The fall of Rome led to a period of fear and uncertainty that we know as the Dark Age.  You can read about it in Beowulf.  It was as if the lights of Europe had all been turned out.  To whom would people look for their protection?  From where would they go for their laws?

Well, whatever else they did, the Anglo-Saxons did not do what most of Europe would wind up doing and import Roman law.  They would go it alone. 

People sought protection under what we now call the feudal system.  (The phrase had not yet been invented – nor had the word ‘Europe’.)  ‘I will be your man if you will look after me’.  The scheme is accurately presented in the beginning of The Godfather.  The Mafia thrives on government failure.  The pact between vassal and lord is like that between believer and God.

We now think that the first laws dealt with the conflicts that inevitably arise when people cross paths and then seek to work the land in a common area.  They need laws to control the vendetta – the issue identified in the Oresteia – and the protection of interests in land.  The feudal system became very intricate in large part because over time courses of conduct moved from custom to law.

The great jurist Oliver Wendell Holmes said: ‘It is commonly known that the early forms of legal procedure were grounded in vengeance.  Modern writers have thought that the Roman law started from the blood feud, and all the authorities agree that the German law began in that way. …. Vengeance imports a feeling of blame, and an opinion, however distorted by passion, that a wrong has been done.’

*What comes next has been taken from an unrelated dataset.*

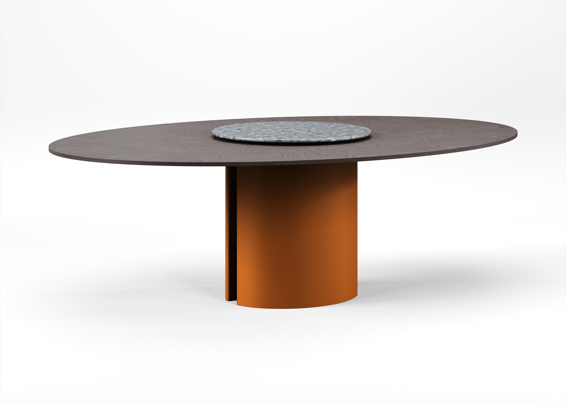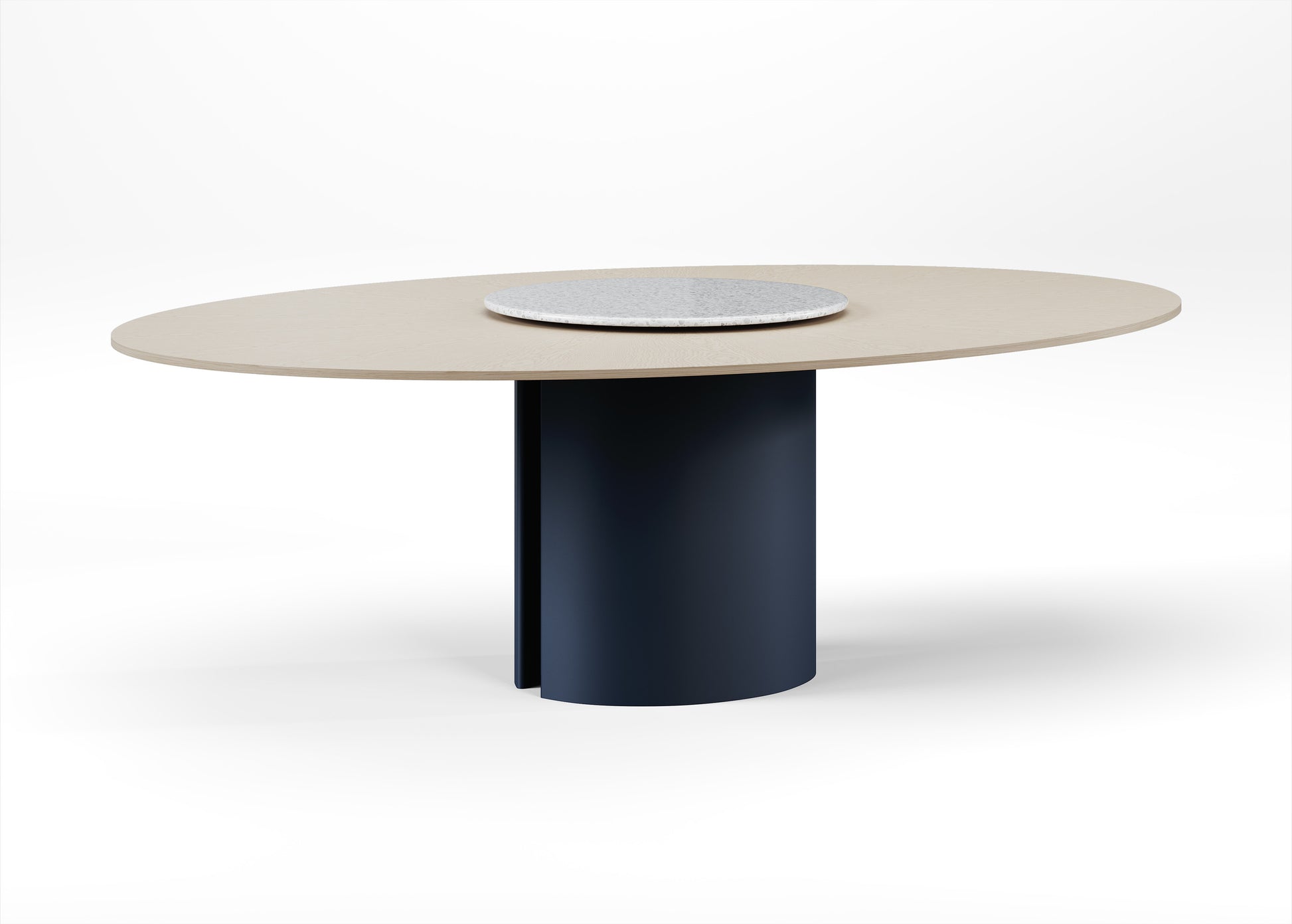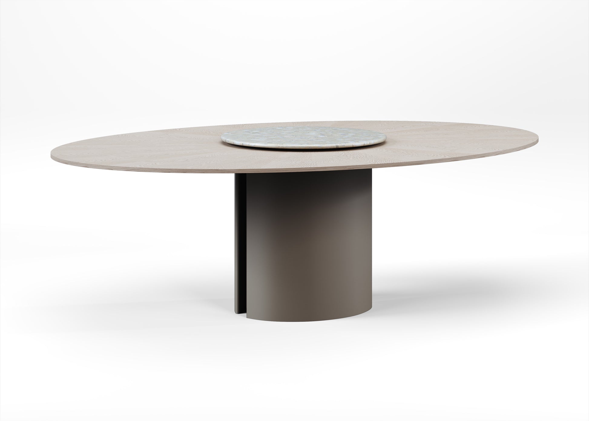 The Sparks Dining Table is a sculptural piece made to impress, and brings a certain grandeur and gravitas to the dining room. The gorgeous elliptical top is propped up by an exquisite eco-leather base, and glamorously announces itself with a pristine sunburst ash crown veneer. A final flourish comes in the form of a striking stone Lazy Susan which ensures that dinner table conversations stay uninterrupted. This is luxury dining in a nutshell.

If those were the ends of the laws, what were the means?  You don’t have to have studied Pavlov’s dog to know that when people are asked what they should do next, they ask what others did before then.  Is there a precedent?  People get into a way of doing things so that it becomes a custom – that may in time harden into law

Take the word decree.  When pronounced by a judge, it determines the rights of the parties.  It looks backward – although it may be treated as a precedent in the future.  But if pronounced by an emperor or dictator, it applies to everyone in what they do in the future.  It is delivered as a law.

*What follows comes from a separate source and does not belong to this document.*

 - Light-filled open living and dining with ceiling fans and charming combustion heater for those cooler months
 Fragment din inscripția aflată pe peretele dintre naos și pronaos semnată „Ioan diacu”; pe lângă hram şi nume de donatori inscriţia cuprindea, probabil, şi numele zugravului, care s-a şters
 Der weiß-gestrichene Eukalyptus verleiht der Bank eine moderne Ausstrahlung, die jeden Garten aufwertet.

The Anglo-Saxons ruled through their kings.  The king held all the powers of making, executing and adjudicating on the laws.  His household became known as his court, and he would seek advice from his trusted advisers.  This we are told was the custom of Germanic chiefs from time immemorial. 

Over time, those closest to the king achieved a separate standing and office over others.  They would defend his realm, advise him on laws, and adjudicate disputes in his name.  The rot set in when these preferred people became an aristocracy as hereditary as the crown.  A large part of our story will deal with how the aristocrats served to pull the teeth of the crown – before it became their turn to have their own teeth pulled. 

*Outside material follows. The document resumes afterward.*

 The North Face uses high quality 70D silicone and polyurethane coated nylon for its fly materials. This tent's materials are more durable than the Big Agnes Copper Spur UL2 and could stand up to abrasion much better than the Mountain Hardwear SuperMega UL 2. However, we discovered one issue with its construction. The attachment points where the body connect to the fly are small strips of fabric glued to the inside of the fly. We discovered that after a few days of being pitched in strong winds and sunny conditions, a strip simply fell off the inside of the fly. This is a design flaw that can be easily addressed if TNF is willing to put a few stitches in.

The Anglo-Saxon kings made written laws called dooms ­but the crown would not flower in that offshore island until a new royal line took over the throne.

Dispute resolution was brutal and supernatural.  The issue was determined not by judges, but by God.  His word was revealed by a gruesome ordeal or trial by battle, or a process called ‘wager of law’ – signing up people to vouch for your credibility.  All those terms would sound alarmingly modern to litigants now. 

Christianity would soften the system a little, and add teeth to the oath when people believed in the fires of hell, but it all looks very primitive to us.  And now Christianity brought with it interference by the Church in government at all levels – with consequences that would take far more than a millennium to sort out.

The key to this phase of six centuries from the departure of the Romans to the invasion by the Normans is that the people coming to be called the English were determined not just to go along with the others.  We saw this insularity rise up again just recently.   The English were always going to make tricky bed partners with the people in Europe.  They are separated by so much more than the Channel.

And although he may have stretched the point, a distinguished American jurist commented that the English law is more German than the law of Germany itself.